From a device perspective, nothing is more connected to an individual’s personality than his or her smartphone. It is always at hand and stands ready, next to you while you sleep. The smartphone has a very unique emotional and psychological connection to its user. We may love our tablets, but our smartphones are an extension of our very being. Mental health professionals have even coined a term for the fear of being without your phone: nomophobia -- a condition that impacts 40 percent of the population.

Why does this matter to marketers? Smartphones provide an unprecedented opportunity to connect with customers. However, they also present risks and pitfalls. With such a personal connection, the experience must be spot-on relevant and useful. Regrettably, a marketing disconnect occurs when all devices are lumped together in a “one size fits all” mobile strategy.  

Smartphones and tablets serve different purposes, and even devices within the same class of hardware differ. Marketers succeed when they proactively seek to understand the differences in use and expectations per device type (smartphone vs. tablet), tailor the brand experience and content to the proper context, and deliver value. As a result, marketers should develop distinct, segmented mobile strategies and approaches for smartphones versus tablets while still aiming to deliver a coherent customer experience across all touchpoints.  

Understand the endpoint. Marketers should start by exploring the unique characteristics of smartphones in contrast to tablets and how each type of device is used. Then apply this insight to deliver the most relevant content in ways customers will want to interact with your brand.

One such characteristic is location: understanding where and when a customer uses a tablet versus a smartphone. For example, more than 50 percent of in-store customers use their smartphones to compare prices or even to purchase products. In 2012, Best Buy proclaimed they were going to counterattack showrooming (see it in the store, buy it from Amazon) by beefing up their online efforts and matching prices against Amazon. The sad reality is that an online retailer can consistently win sales from a store with a customer standing inside it.  
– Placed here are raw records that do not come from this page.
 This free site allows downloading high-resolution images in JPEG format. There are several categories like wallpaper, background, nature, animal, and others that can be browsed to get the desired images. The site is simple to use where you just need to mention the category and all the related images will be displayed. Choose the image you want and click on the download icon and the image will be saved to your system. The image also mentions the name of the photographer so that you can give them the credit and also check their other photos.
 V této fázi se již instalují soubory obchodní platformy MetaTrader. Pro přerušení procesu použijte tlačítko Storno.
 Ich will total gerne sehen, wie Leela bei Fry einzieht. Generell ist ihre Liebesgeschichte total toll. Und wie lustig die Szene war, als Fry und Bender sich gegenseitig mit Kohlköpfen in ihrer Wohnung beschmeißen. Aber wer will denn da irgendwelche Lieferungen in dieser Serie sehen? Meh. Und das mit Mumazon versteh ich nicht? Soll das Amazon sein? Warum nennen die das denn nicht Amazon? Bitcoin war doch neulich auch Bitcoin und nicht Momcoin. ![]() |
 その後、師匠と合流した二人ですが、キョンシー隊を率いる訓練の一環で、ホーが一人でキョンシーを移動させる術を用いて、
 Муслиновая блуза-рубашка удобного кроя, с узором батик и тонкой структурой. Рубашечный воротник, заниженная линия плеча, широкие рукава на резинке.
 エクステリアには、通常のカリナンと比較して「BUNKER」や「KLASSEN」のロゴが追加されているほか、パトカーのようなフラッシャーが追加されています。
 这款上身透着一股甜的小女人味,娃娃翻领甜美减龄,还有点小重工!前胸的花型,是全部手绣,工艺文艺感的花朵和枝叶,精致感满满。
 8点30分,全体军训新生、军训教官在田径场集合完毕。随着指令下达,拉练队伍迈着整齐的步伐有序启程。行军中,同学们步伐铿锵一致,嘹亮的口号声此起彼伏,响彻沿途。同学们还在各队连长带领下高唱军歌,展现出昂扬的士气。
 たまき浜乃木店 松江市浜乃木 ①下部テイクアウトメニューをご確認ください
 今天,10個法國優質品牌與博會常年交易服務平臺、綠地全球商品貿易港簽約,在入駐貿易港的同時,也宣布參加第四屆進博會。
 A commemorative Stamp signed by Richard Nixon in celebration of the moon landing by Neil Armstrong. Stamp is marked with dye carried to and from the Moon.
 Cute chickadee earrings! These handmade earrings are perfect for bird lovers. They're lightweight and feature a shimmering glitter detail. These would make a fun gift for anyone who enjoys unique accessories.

So what can brick-and-mortar retailers do? One approach is to develop ways to intercept the Amazon portion of the customer journey and expand the in-store value-add story. In a move similar to the Ionos Flysmart app that leverages a phone's GPS, travelers (within an airport) get useful airport information along with relevant, airport vendor marketing promos. Retailers could also leverage GPS to provide a smartphone-centric experience that offers in-store promos, product recommendations and convenient real-time purchase options. 

In contrast to smartphones, tablets have less of an emotional connection versus a pragmatic one. They are our go-to device to browse, shop, communicate and consume content. According to Forrester Research, tablets are often used within the home and are quickly replacing the laptop as the purchasing platform for many a consumer. And while smartphones outperform tablets in overall revenue, the average sale amount from a tablet is 20 percent higher than phones.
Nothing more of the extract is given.